JEP 370 Feedback

Philippe Marschall kustos at gmx.net
Mon Apr 20 19:36:36 UTC 2020


Hello

I'm not sure whether this is the right channel. I had a quick look at
JEP 370 and since it's an incubator feature I wanted to take the
opportunity to provide some feedback:

The biggest limitation I'm currently seeing is the missing ability to
deal with MemorySegment on the native / JNI side. Mainly I'm missing
equivalents of the following JNI functions:

- NewDirectByteBuffer
- GetDirectBufferAddress
- GetDirectBufferCapacity

These functions are required when:

- libraries expect memory to be allocated and released using library
specific functions
- allocations need to happen with specific flags currently not supported
by the JDK
- a native thread calls into Java code

Yes, this can be achieved by going through a ByteBuffer, however this
has the following disadvantages:

- a DirectByteBuffer has to be allocated which is noticeable for small
allocations
- no timely release of memory through try-with-resources, instead a
custom native method has to be provided and called

Should these be added it would be helpful if the equivalent of
NewDirectByteBuffer would take a function pointer to a release function
and optionally an attachment which will be called by MemorySegment#close().

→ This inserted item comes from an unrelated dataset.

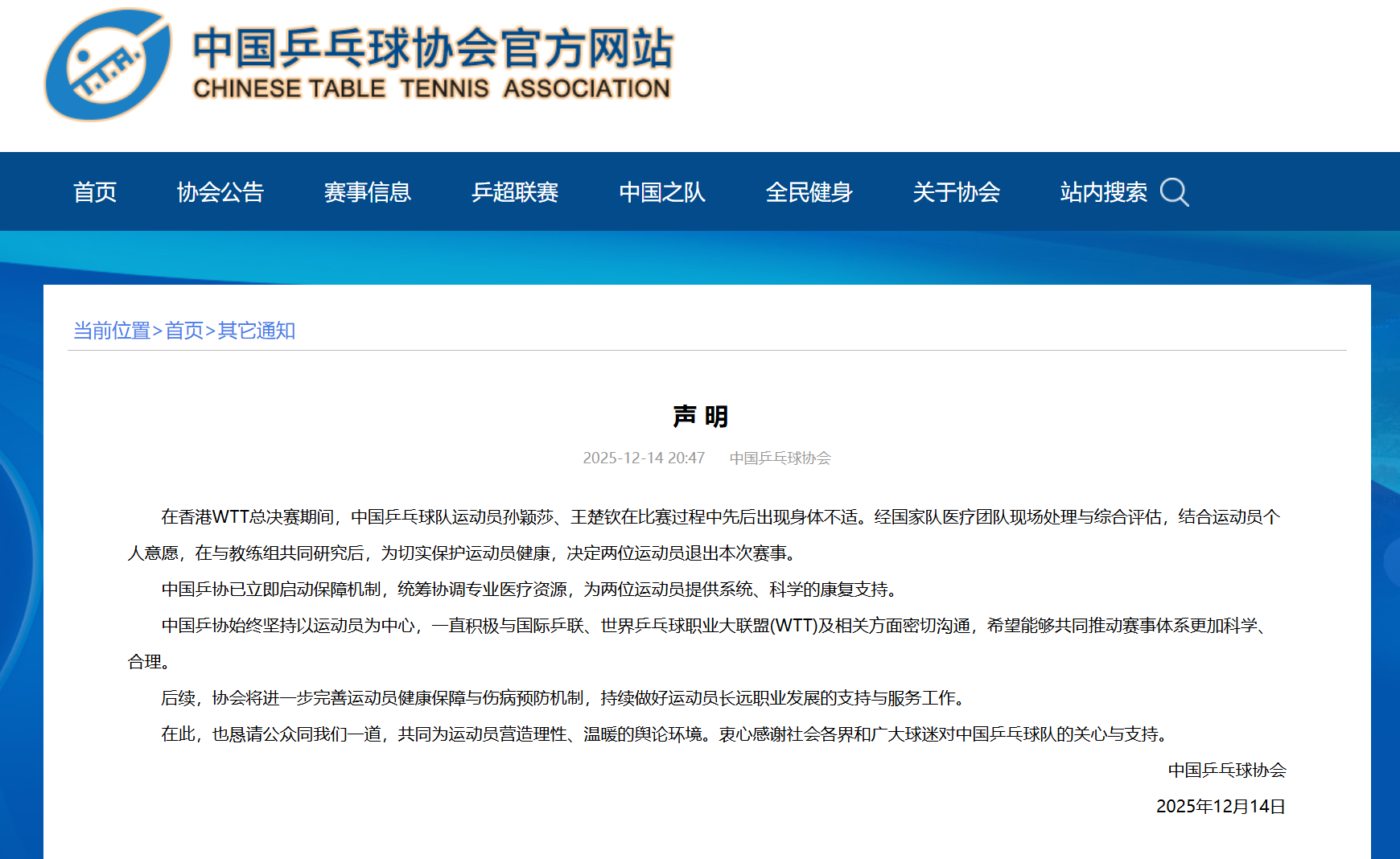 12月14日,中国乒乓球协会(简称“中国乒协”)发布声明,对国乒队员孙颖莎、王楚钦在世界乒乓球职业大联盟(WTT)香港总决赛期间因身体不适退赛作出回应。
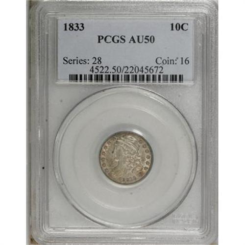 <B>1833 10C AU50 PCGS.</B></I> PCGS Population (12/152). NGC Census: (7/203). Mintage: 485,000. Numismedia Wsl. Price for NGC/PCGS coin in AU50: $288. (#4522)<BR><BR><B>Coin Engraver:</B> John Reich<BR><BR><b>Shipping:</b> Coins & Currency (<a target="_blank" href="http://www.heritageauctions.com/common/shipping.php">view shipping information</a>)

How would incubator features be made available to JNI code? Through a
#define? Through a different header?

What would also be helpful is the ability to efficiently convert a
MemorySegment to a Java String without an intermediate byte[] or a NIO
Buffer used by a Charset.

I had a quick, unscientific look at performance compared to
malloc/calloc/free with NewDirectByteBuffer and it looks as if the
performance of JEP 370 compares favorably. Were I did find a performance
deficit was when comparing with large allocations using mmap and large
pages, either single threaded or multi-threaded with the allocation size
matching the page size (2M). This is not unexpected.